GIVEN DATA →

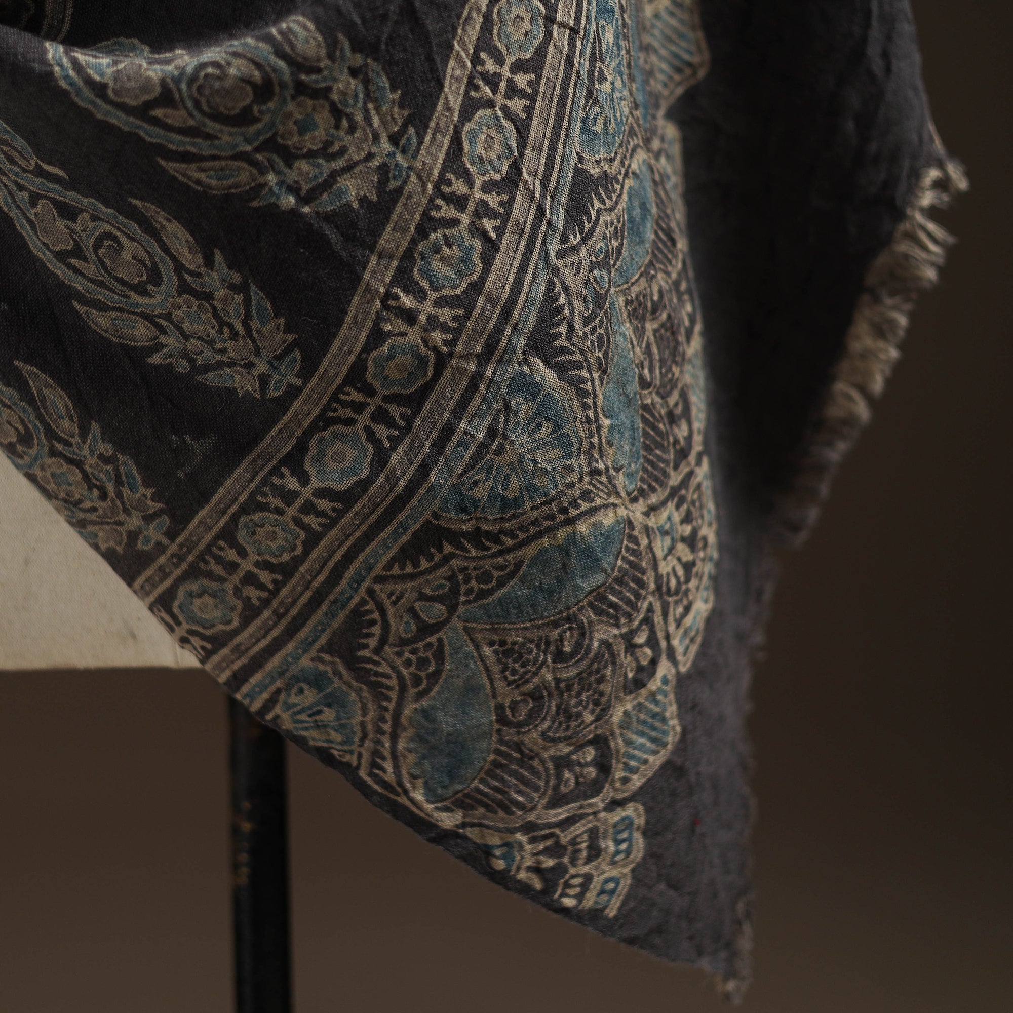 Ajrakh Hand Block Print Natural Dyed Handwoven Acrylic Wool Shawl 03
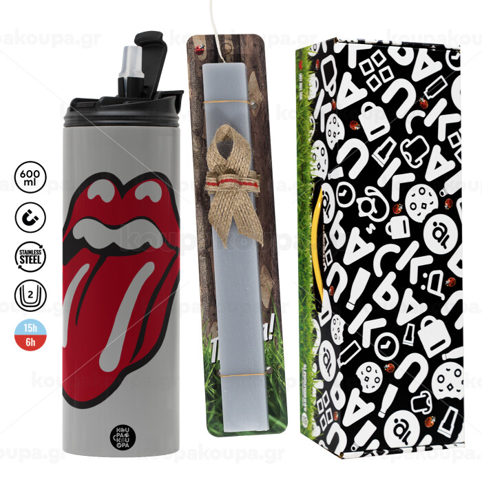 Rolling Stones Kiss, Easter candle with Grey Tumbler Thermo 600ml & aromatic flat candle (30cm) (GREY)
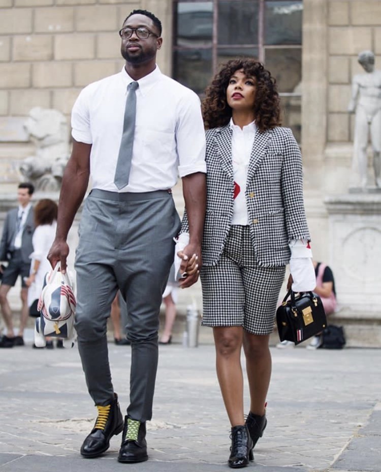 Yes, the Wayde duo was spotted over the weekend during men’s fashion week in Paris, coordinated and looking ever so dapper! For the Thom Browne show, they wore muted grey’s, black and white tones, but still kept their attire funky with a splash of color.

PROBLEM REQUIREMENTS → Reprint the listing above verbatim but drop the images.

WRITTEN ANSWER →
 Ajrakh Hand Block Print Natural Dyed Handwoven Acrylic Wool Shawl 03
 Rolling Stones Kiss, Easter candle with Grey Tumbler Thermo 600ml & aromatic flat candle (30cm) (GREY)
 Yes, the Wayde duo was spotted over the weekend during men’s fashion week in Paris, coordinated and looking ever so dapper! For the Thom Browne show, they wore muted grey’s, black and white tones, but still kept their attire funky with a splash of color.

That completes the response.